Applying to study a PhD is unlike applying for most other courses. Before you apply, please read all the information on our web site, including the information about writing your proposal.
How to apply
- Check you meet our eligibility criteria
- Contact the most appropriate prospective supervisor(s) to discuss your proposed research
- Write your research proposal
- Submit your application online, mentioning your proposed supervisor, and uploading your research proposal
- Either at the same time, or within two weeks, upload your supporting documents
When to apply
Our Doctoral Programme begins in October. Please apply before 30th June 2013 for October 2013 entry.
The first year of our programme contains a compulsory taught research training element so it is not possible to start at other times of the year.
Studying for your doctorate elsewhere?
If you wish to come to WBS as a Visiting Student, you must follow the same online application procedure as for full time applications, though the start date is more flexible. You will be charged 50% of the full-time fees if your attachment to WBS is longer than ten weeks.
Writing your proposal
We expect you to provide evidence of your ability to plan and organise independent research, and of the relevance of your research topic to the interest and expertise of a WBS academic who could supervise your study.
It's crucial that your research proposal is written to the guidelines specified. Don't risk getting yours rejected simply because you haven't read them.
Please provide approximately 2,000 words, plus your timetable and references or a short bibliography. We do not expect the proposal to be perfect at this stage, nor do we expect you to stick to it very closely as your ideas will almost certainly change once you start to study, but we do expect you to write it as follows:
- Provide an overview of your research question, explaining why it is of academic and or practical importance
- Outline the main objectives of your research, providing details of two or three key aspects
- Write a short literature review, indicating the importance of previous related research and how your own research question might make a useful contribution to the area
- State the main research techniques (interviews, case studies, modelling etc.) you might use
- Indicate your suggested data collection procedures and sources and outline any possible difficulties
- Explain any analytical techniques you intend to use
- Add your proposed timetable of activities.

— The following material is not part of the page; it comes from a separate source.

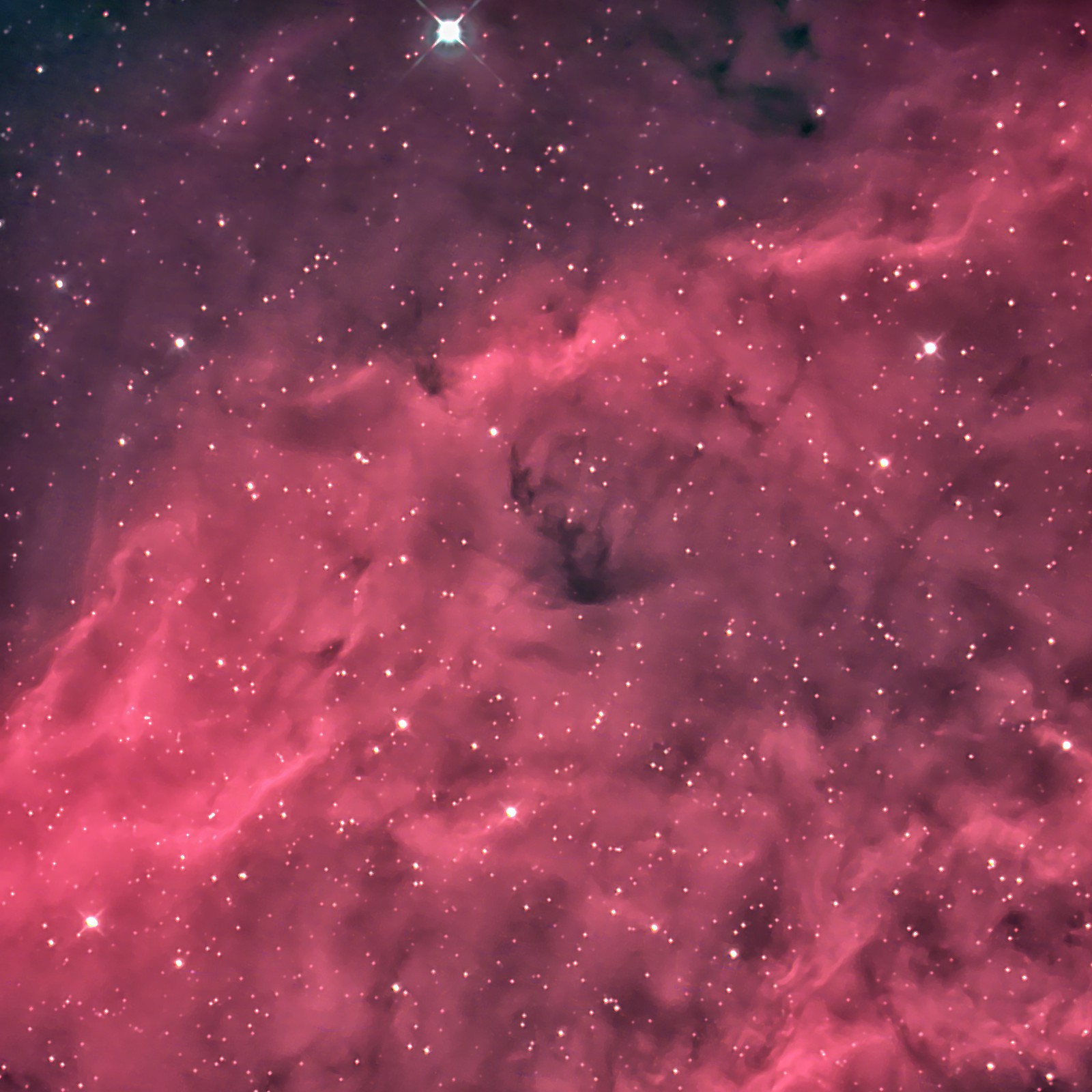 星雲のカラーバランスの調整をしているうちに星の色が黄色になってしまった。SAO合成で自然なカラーバランスは難しい課題である。 |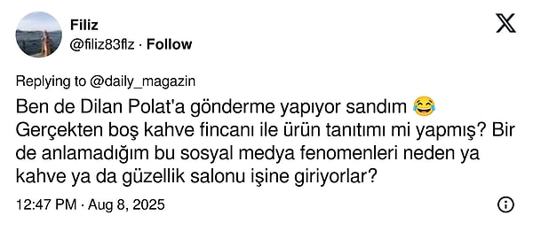Özlem Öz uzun vakittir tanıtımını yaptığı kahve için yeniden bir görüntü çekti. Görüntüde boş bardak kullandığı görüldü. O anlar toplumsal medyanın lisanına düştü.

Finally, list the references in your proposal or provide a short bibliography. Please organise your proposal under the following headings:
- Research question
- Literature reviews
- Research techniques
- References & bibliography
- Prospective supervisors.
There are three very common reasons why proposals from well qualified candidates fail to be accepted.
- The research topic is inadequately specified. You need to write to a very tight format stating what you plan to research, why and how. The format is clearly outlined above.
- The proposal may identify a practical managerial problem but it does not demonstrate its analytical importance. A study that merely aims to discover new empirical information or simply solve an important business problem will probably not be accepted. Your proposal must engage with controversies and demonstrate strong critical insight in one or more academic disciplines to succeed.
- The geographical focus does not fit with our supervisory competencies. While our perspective is international, some overseas students seek to study an issue exclusively in their home country in which our staff have no research expertise. If this is your intention, you must explain clearly why a supervisor at WBS will find your work interesting and how being at WBS will add value to your work. Generally, a comparative project that involves research both in your home country and the UK is more likely to achieve analytically significant results.